══ Records to use ══
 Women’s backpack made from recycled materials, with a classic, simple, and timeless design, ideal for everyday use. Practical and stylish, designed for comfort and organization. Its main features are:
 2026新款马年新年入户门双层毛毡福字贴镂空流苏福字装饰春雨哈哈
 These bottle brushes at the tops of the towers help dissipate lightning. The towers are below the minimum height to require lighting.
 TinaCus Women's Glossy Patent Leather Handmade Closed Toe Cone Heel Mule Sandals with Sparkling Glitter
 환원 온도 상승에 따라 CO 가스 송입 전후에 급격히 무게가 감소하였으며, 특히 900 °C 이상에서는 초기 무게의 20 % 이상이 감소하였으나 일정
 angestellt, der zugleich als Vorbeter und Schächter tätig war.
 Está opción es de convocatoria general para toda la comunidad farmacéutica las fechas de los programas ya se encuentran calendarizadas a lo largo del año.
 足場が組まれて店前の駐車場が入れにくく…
═══
══ Records to use ══
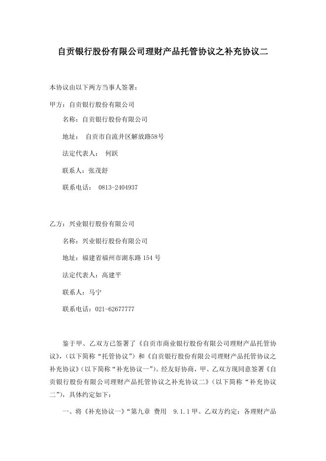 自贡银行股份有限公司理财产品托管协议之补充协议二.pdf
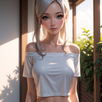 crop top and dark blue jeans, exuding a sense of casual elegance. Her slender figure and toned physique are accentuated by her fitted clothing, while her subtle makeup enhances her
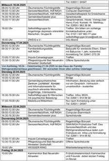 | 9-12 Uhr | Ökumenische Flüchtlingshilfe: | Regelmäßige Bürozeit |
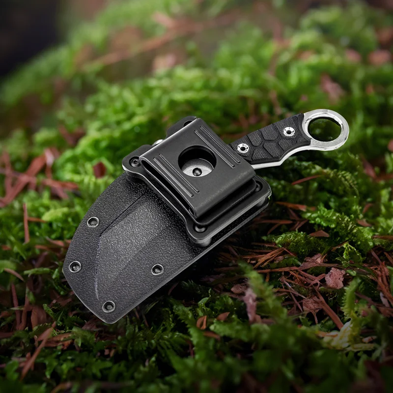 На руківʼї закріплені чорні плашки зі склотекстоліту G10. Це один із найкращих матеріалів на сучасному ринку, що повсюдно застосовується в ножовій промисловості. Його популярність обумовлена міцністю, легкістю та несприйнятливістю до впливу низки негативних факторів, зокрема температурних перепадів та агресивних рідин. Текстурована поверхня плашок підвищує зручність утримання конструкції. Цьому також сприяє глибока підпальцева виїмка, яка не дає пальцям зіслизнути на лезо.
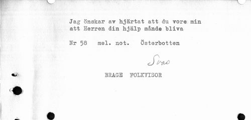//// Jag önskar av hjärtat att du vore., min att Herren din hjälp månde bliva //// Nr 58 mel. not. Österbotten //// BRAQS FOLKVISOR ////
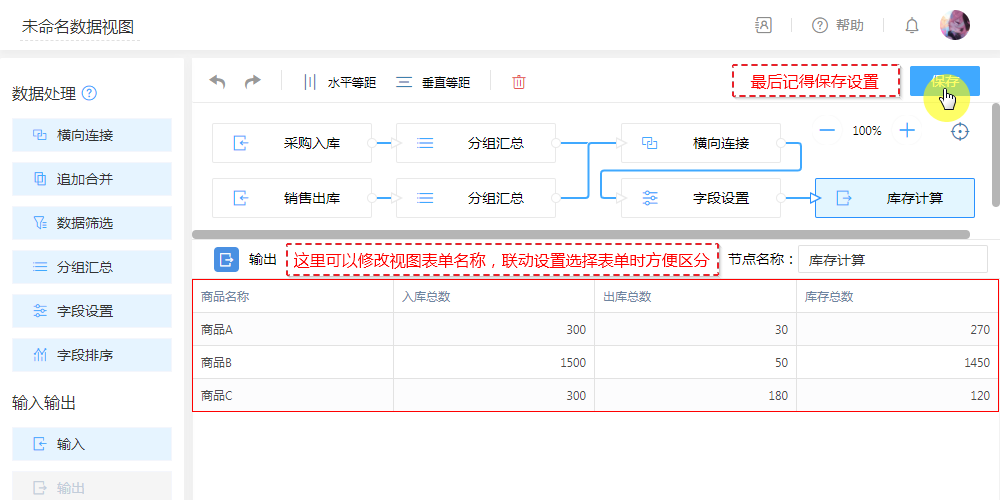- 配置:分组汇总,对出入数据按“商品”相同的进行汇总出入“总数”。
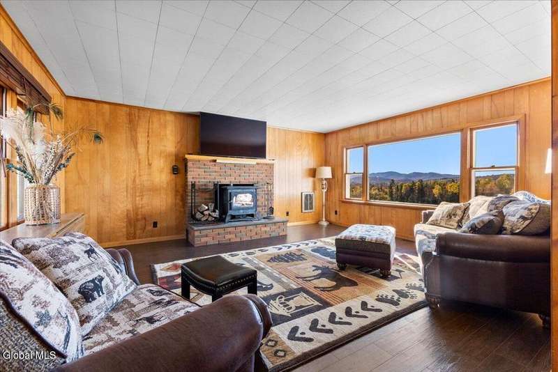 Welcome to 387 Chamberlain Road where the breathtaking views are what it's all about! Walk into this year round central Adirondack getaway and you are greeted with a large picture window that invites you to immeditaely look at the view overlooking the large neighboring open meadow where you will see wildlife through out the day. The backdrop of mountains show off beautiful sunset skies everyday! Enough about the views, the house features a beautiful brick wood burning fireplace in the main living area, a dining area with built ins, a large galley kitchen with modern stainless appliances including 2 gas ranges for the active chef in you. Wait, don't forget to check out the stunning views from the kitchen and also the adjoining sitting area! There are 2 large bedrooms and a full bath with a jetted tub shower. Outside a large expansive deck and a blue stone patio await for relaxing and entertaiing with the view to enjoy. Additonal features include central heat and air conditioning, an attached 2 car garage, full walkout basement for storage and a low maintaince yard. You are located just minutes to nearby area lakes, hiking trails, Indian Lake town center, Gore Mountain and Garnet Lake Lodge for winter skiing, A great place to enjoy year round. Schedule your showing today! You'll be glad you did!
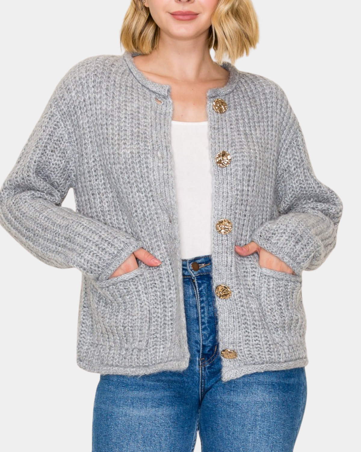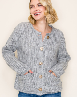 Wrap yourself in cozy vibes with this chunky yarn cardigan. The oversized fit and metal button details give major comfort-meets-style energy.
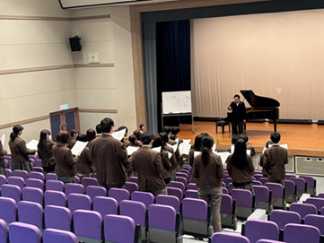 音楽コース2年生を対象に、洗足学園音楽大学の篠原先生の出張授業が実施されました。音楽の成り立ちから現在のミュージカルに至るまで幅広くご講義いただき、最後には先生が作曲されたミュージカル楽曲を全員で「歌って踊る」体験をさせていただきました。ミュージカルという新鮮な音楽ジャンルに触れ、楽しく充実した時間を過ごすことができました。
═══
Activity | Among the entries above, find the line with "2026新款马年新年入户门双层毛毡福字贴镂空流苏福字装饰春雨哈哈" and the line with "angestellt, der zugleich"; give again exactly these two lines and all lines between them.

Answer box |
 2026新款马年新年入户门双层毛毡福字贴镂空流苏福字装饰春雨哈哈
 These bottle brushes at the tops of the towers help dissipate lightning. The towers are below the minimum height to require lighting.
 TinaCus Women's Glossy Patent Leather Handmade Closed Toe Cone Heel Mule Sandals with Sparkling Glitter
 환원 온도 상승에 따라 CO 가스 송입 전후에 급격히 무게가 감소하였으며, 특히 900 °C 이상에서는 초기 무게의 20 % 이상이 감소하였으나 일정
 angestellt, der zugleich als Vorbeter und Schächter tätig war.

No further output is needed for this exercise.